Avoid this scam: Know for sure the price of your trade-in and the amount of your loan payoff before going to the dealership. You may check trade-in values online. Look in newspapers to see what dealers are selling your kind of trade-in vehicle for. Remember, the more you are informed, the harder it will be for the dealer to scam you. Also, be careful for each step of the process.
Sep
11
2008
This fraud occurs in a transaction that includes a trade-in vehicle when more is owed on the trade-in vehicle than the actual cash value of the vehicle. Car dealer makes the customer believe that the dealership is valuing the trade-in vehicle at the amount owed and makes sure the customer won’t owe anything on the trade-in. However, later the customer finds out that the value the dealership paid for the trade-in is less than the amount owed. The difference is added to the cash price of the new vehicle, which is called the capitalization costs of a leased vehicle. Thus, by inflating the cash price or cap costs of the vehicle, the customer is illegally paying more in sales tax and registration.
Keep in mind that the dealership may also be violating the laws related to selling a vehicle for the advertised price. According to the law the dealership may not sell the vehicle for more than advertised price. A similar illegal practice may occur when a lease balance is paid off. The above mentioned practices are still illegal and constitute dealer fraud even when the customer is told what is happening.
Aug
31
2008
Below is a list of auto dealer activities which may signal possible auto fraud in your automobile purchase or lease transaction of a vehicle in California.
- Switching the consumer from a sale to a lease without full disclosure
- The sale of a vehicle which was previously repurchased from a prior owner as a lemon without full disclosure to the consumer
- The sale of a vehicle that was previously salvaged as a total wreck without full disclosure to the consumer
- The sale of the trade-in vehicle and then later undoing the transaction
- Failing to provide the consumer with a written contract in the language in which the consumer negotiated the transaction (in Spanish, Vietnamese or Tagalog as well as certain other languages)

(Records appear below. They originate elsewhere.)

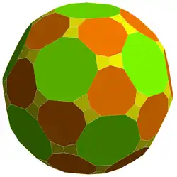 In geometry, a truncated icosidodecahedron, rhombitruncated icosidodecahedron,[1] great rhombicosidodecahedron,[2][3] omnitruncated dodecahedron or omnitruncated icosahedron[4] is an Archimedean solid, one of thirteen convex, isogonal, non-prismatic solids constructed by two or more types of regular polygon faces.
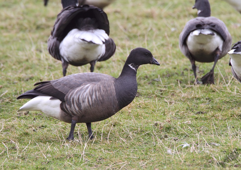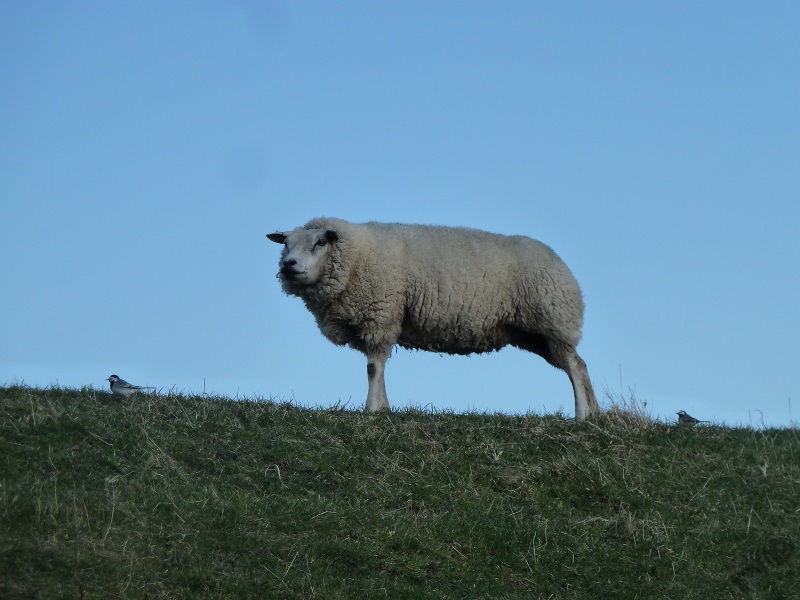 Ik ben al rondtoerend door de Polder Eijerland terug naar het huisje gereden. Onderweg langs de dijk hield ik even stil bij een groep Rotganzen. Ik had deze soort ooit eerder op de foto gezet, maar die opnamen heb ik niet meer. Deze groep bleef mooi zitten en je kon zien dat het heel mooie Ganzen zijn. In de weilanden zaten weer verschillende Meeuwen, waaronder een Stormmeeuw en vlak bij hem zat een Strandloper. Ik dacht bezig te zijn met een Bonte, maar toen ik thuis de foto’s wat beter bekeek, zag ik dat dat niet klopte. Het duurde even voor ik hem gevonden had, maar het was gelukt en ik had een nieuwe soort! Een Kanoet! Ooit wel eerder gezien (bij een kamp van het Wereld Natuur Fonds op Schiermonnikoog), maar nooit vastgelegd. Als laatste kwam ik een groep Wulpen tegen waar een Tureluurtje bij in de buurt zat en daar bleef het bij.
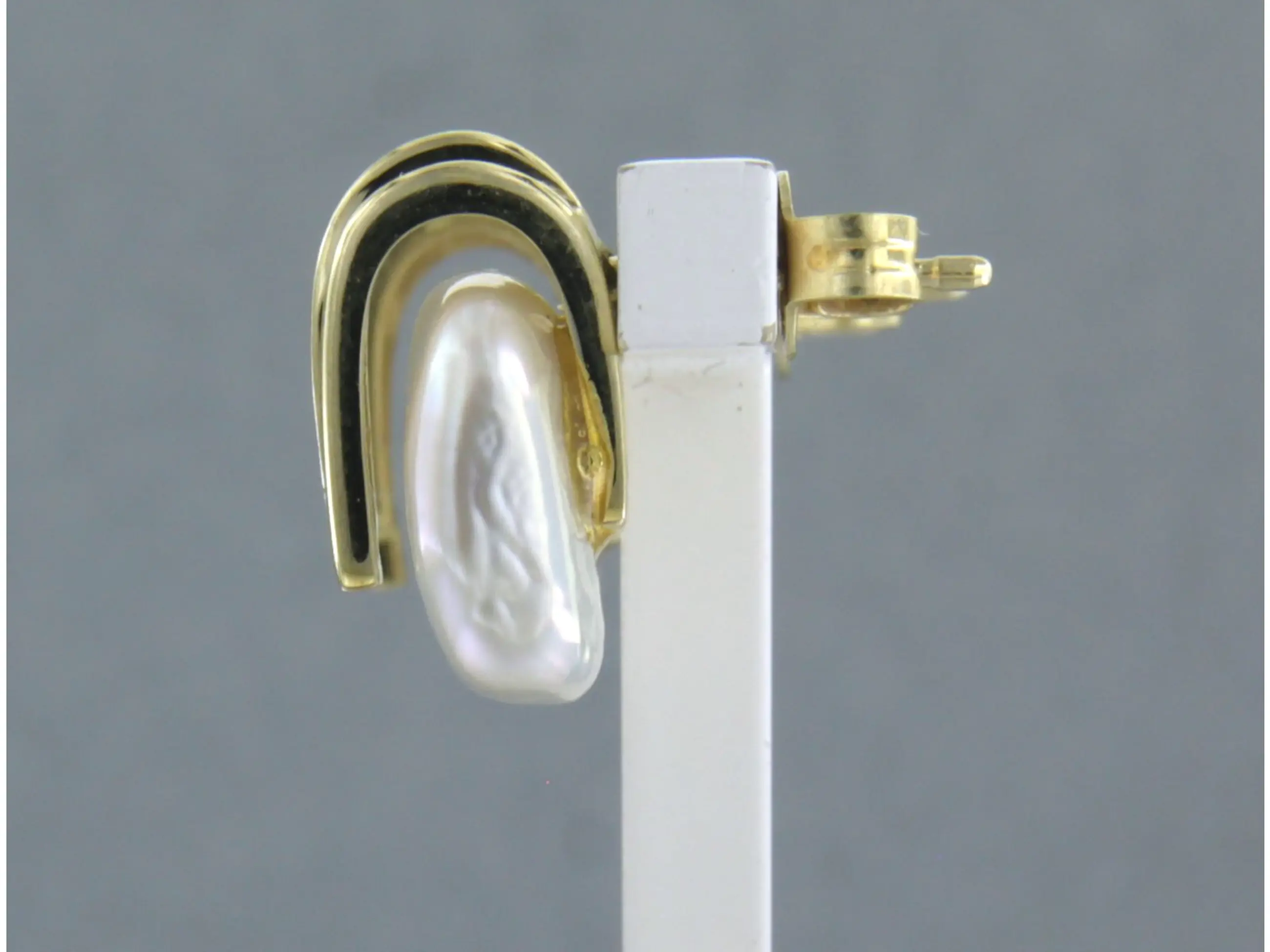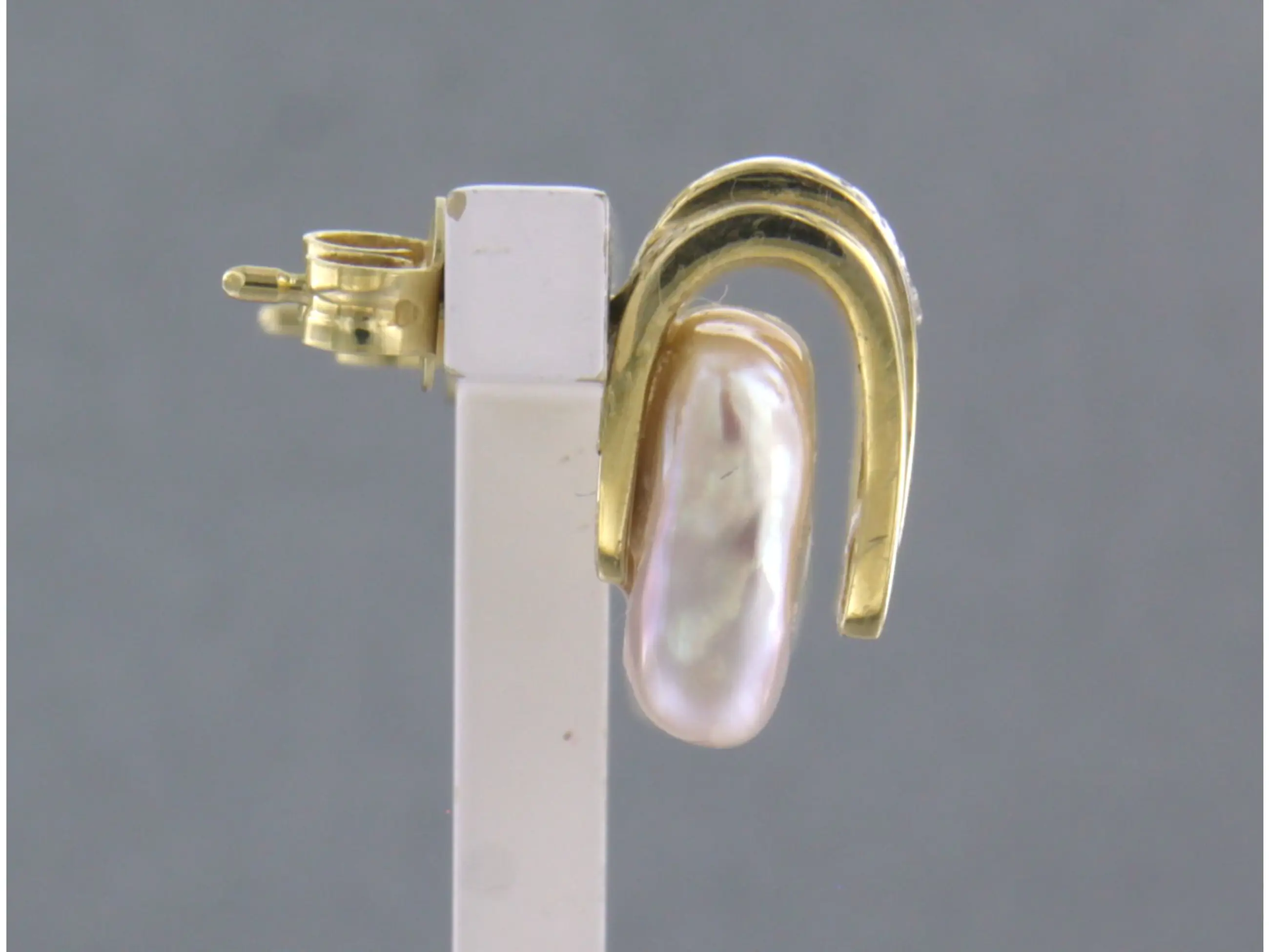 14k bicolor gouden oorknoppen bezet met parel en briljant geslepen diamant tot. 0.03ct - F/G - VS/SI
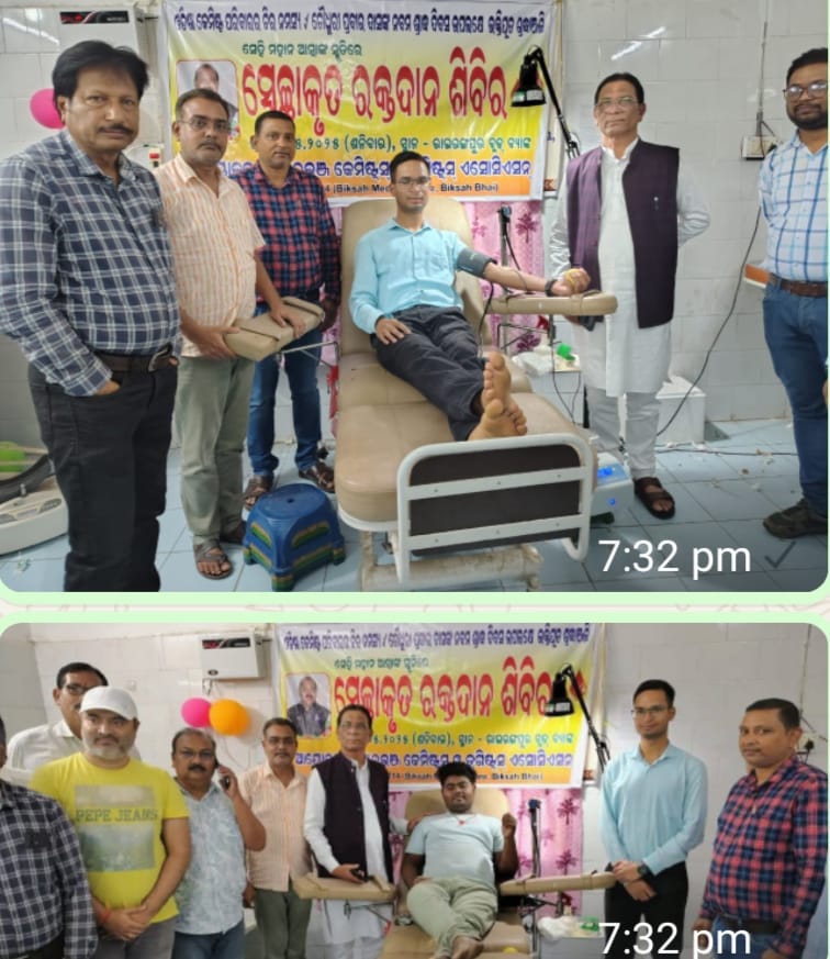 ରାଇରଙ୍ଗପୁର ଉପଖଣ୍ଡ ଚିକିତ୍ସାଳୟରେ ମୟୂରଭଞ୍ଜ କେମିଷ୍ଠ ଏଣ୍ଡ ଡ୍ରଗିଷ୍ଟ ୟୂନିଅନ ତରଫରୁ ୫୦ ୟୂନିଟ୍ ରକ୍ତ ସଂଗ୍ରହ
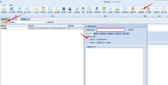 【设计端】-【设计区】-【预警管理】,如下图:
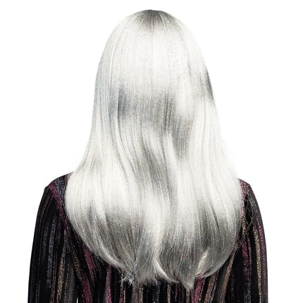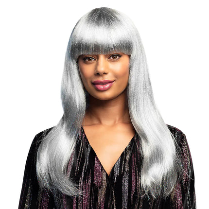 Deze pruik is een absolute blikvanger met zijn grijze lokken die subtiel versierd zijn met sprankelende parelmoer glitters. Of je nu naar carnaval gaat, NYE viert of een avondje uit gaat, deze glamour pruik laat je stralen.
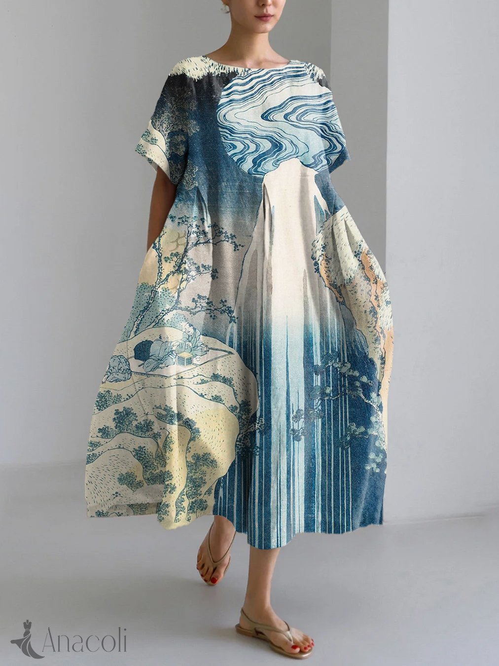 Vintage Japanese Art Pattern Linen Blend Maxi Dress
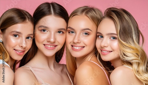 Close up portrait of four beautiful girls with clear skin, soft glow, isolated on pink background. The concept of advertising cosmetology services
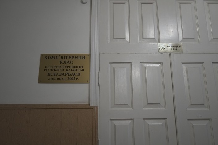 Рядом с именной аудиторией Назарбаева есть еще один кабинет с табличкой, где фигурирует фамилия казахстанского лидера. Там говорится, что этот компьютерный класс в 2005 году подарил училищу Президент Республики Казахстан.
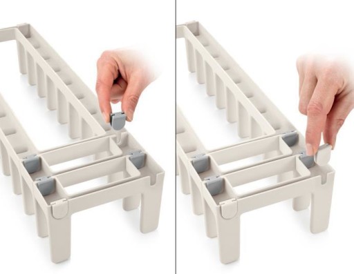 Na organizerze należy umieścić białe nóżki antypoślizgowe i włożyć go do szuflady lub szafki kuchennej
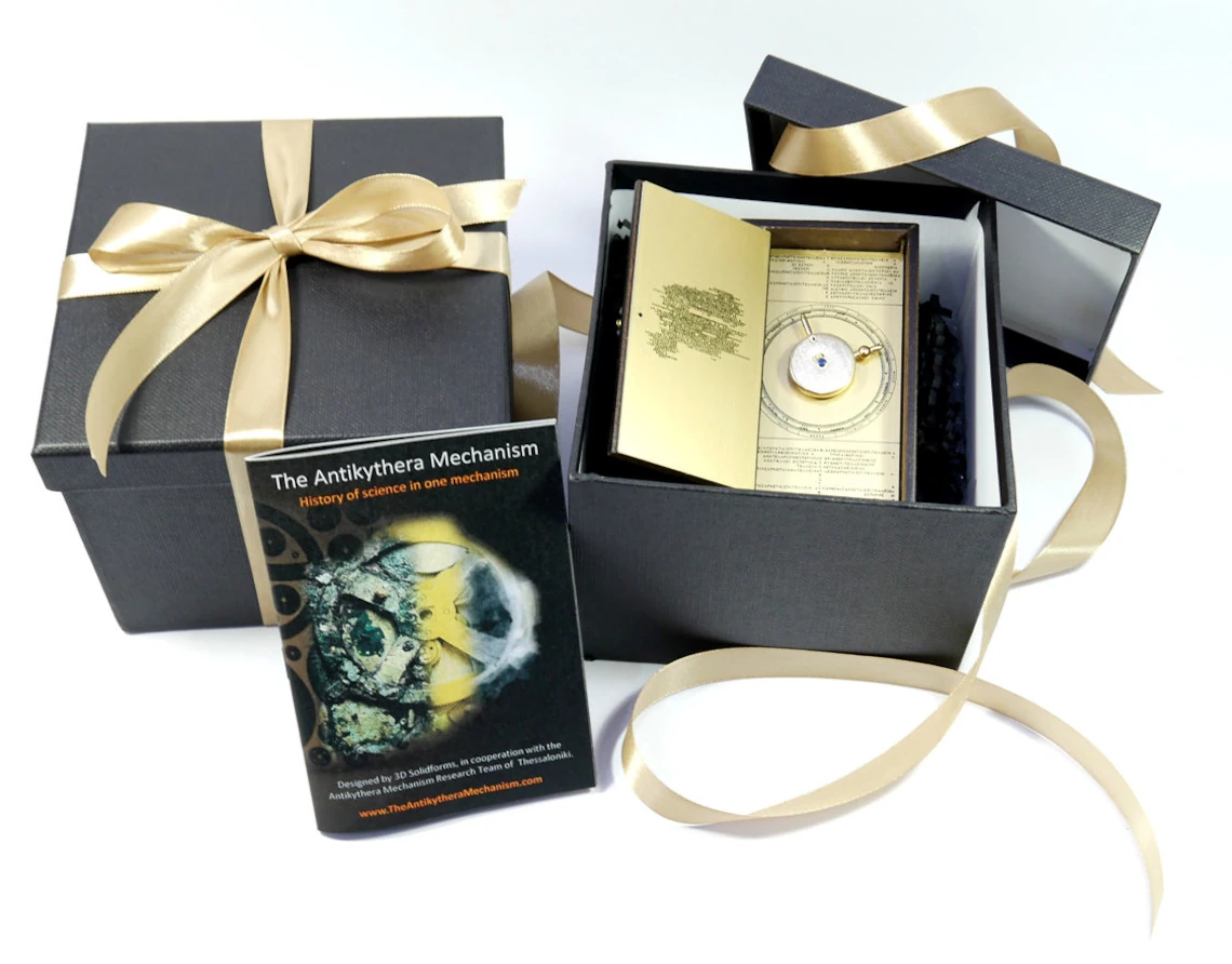 A detailed 1:3 replica of the ancient Greek Antikythera Mechanism, featuring moving parts and an educational booklet. Perfect for collectors, educators, and history enthusiasts.
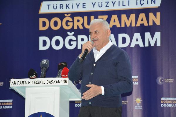 AK Parti Genel Başkanvekili Binali Yıldırım, Bilecik Ertuğrulgazi Atatürk Spor Salonu’nda partililerle bir araya geldi. 14 Mayıs’ta yapılacak olan milletvekilliği ve cumhurbaşkanlığı seçiminin çok önemli olduğunu ifade eden Yıldırım, “Burası cihan imparatorluğunun doğduğu yerdir. Bu toprakların üzerinde 14 Mayıs seçimlerinde ciddi bir durumla karşı karşıyayız. Biz 15 seçimi geride bıraktık. Bu seçim diğer seçimlere benzemiyor. Peki bu seçim diğerlerinden ayıran nedir? Çok basit. Bu seçimde ilk defa karşımızdaki ittifak adayını FETÖ'cüler, PKK, HDP destekliyor ve onların arkasındaki ağa babaları destekliyor. Bir Cumhurbaşkanlığı bir de vekiller için sandık gelecek. Biz bu seçimde AK Parti, Milliyetçi Hareket Partisi, Yeniden Refah Partisi, Büyük Birlik Partisi olarak sandığa gidiyoruz. Dolayısıyla mecliste Cumhurbaşkanımıza güçlü bir milletvekili desteği lazım değil mi? Cumhurbaşkanımızı seçeceğiz ve vekillerimizi de meclise göndereceğiz. Çünkü güçlü hükümet güçlü meclisle olabilir. Bu seçim ilk defa PKK/ PYD/ YPG, FETÖ terör örgütü ve onların sahiplerinin meşrulaştırılmaya çalışıldığı bir seçimdir. Sandığa terör örgütlerini getiriyorlar. Ne diyorlar; ‘Tayyip Erdoğan gitsin de ne olursa olsun’ Özerklik getirecekler, bölünme getirecekler. Ülkemizin güney sınırlarında bir terör devleti kurmak için yıllardır gayret gösteriyorlar. Terör örgütlerine destek veriyorlar. Ancak onların hesap edemediği bir şey var. Yüzyıl önce küllerinden doğan, ‘Hattı müdafaa yoktur, sathı müdafaa vardır, o satıh bütün vatandır’ diyerek bir milleti İstiklal mücadelesine sevk eden Mustafa Kemal Atatürk'ün ve onun silah arkadaşlarının emanet ettiği bu toprakları bölücülere FETÖ'cülere bu millet bırakır mı? Burası Osmanlı'nın kurulduğu yer, buna izin verir mi? Ay yıldızlı bayrağı indirir mi? Ezanları dindirir mi?” dedi.
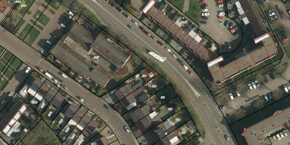 Keizerstraat 2000 is gelegen op kadastraal perceel SBG01E185. Deze kadastrale aanduiding is uniek en wordt gebruikt door het Kadaster om eigendomsrechten en andere zakelijke rechten vast te leggen. Het perceel maakt onderdeel uit van de kadastrale gemeente Schaesberg.
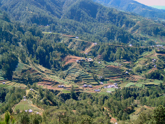 In "Sinipsip" erreichen wir nun eine ganz neue Landschaft. Waren es vorher die Reisterrassen, sind es hier die wunderschön angelegten "Natubleng Vegetable Terrassen". Soweit das Auge reicht, sehen wir bis in höchste Höhen die terrassierten Berghänge - hier wird Gemüse angebaut. Das Gemüse aus "Benguet" kann man nicht nur auf den Märkten der angrenzenden Provinzen kaufen sondern es wird bis nach Manila, Cebu ja sogar nach Mindanao geliefert.
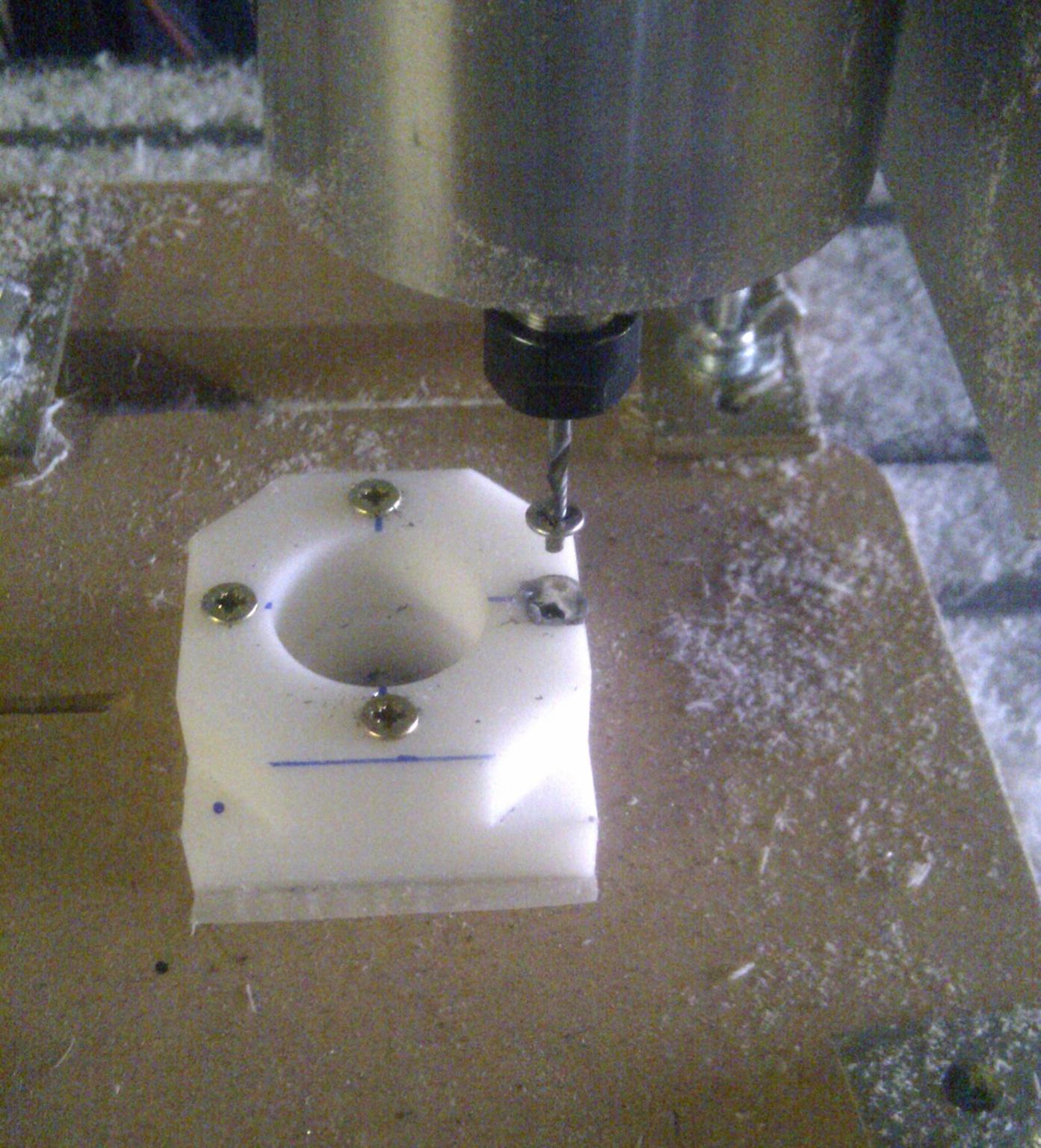 Somewhat risky for a newb like me to have metal screws in the work area, but I took a chance. All went well until I hit the z-axis limit switches (piss poor planning) in the middle of my job. In the confusion I did the same as before, started the job mid program but I'd done a goto zero. I should have noticed it was heading off inthe wrong direction but I wasn't ready ready to pounce onthe stop button.

- Improper calculation of the negative equity on the trade-in vehicle
- Failing to disclose to the consumer the vehicle history including records of all substantial accidents causing considerable damage
- The sale of a vehicle that was previously used as a rental vehicle without full disclosure to the consumer
- Charging more than the advertised price for the vehicle
The dealer may commit many other improper acts that may not constitute fraud by themselves. At all events, if one or more of these types of behaviors occur the dealer may indicate that there is something improper about the transaction. That’s why the consumer should be very wary about signing any documents without further review and understanding of the transaction.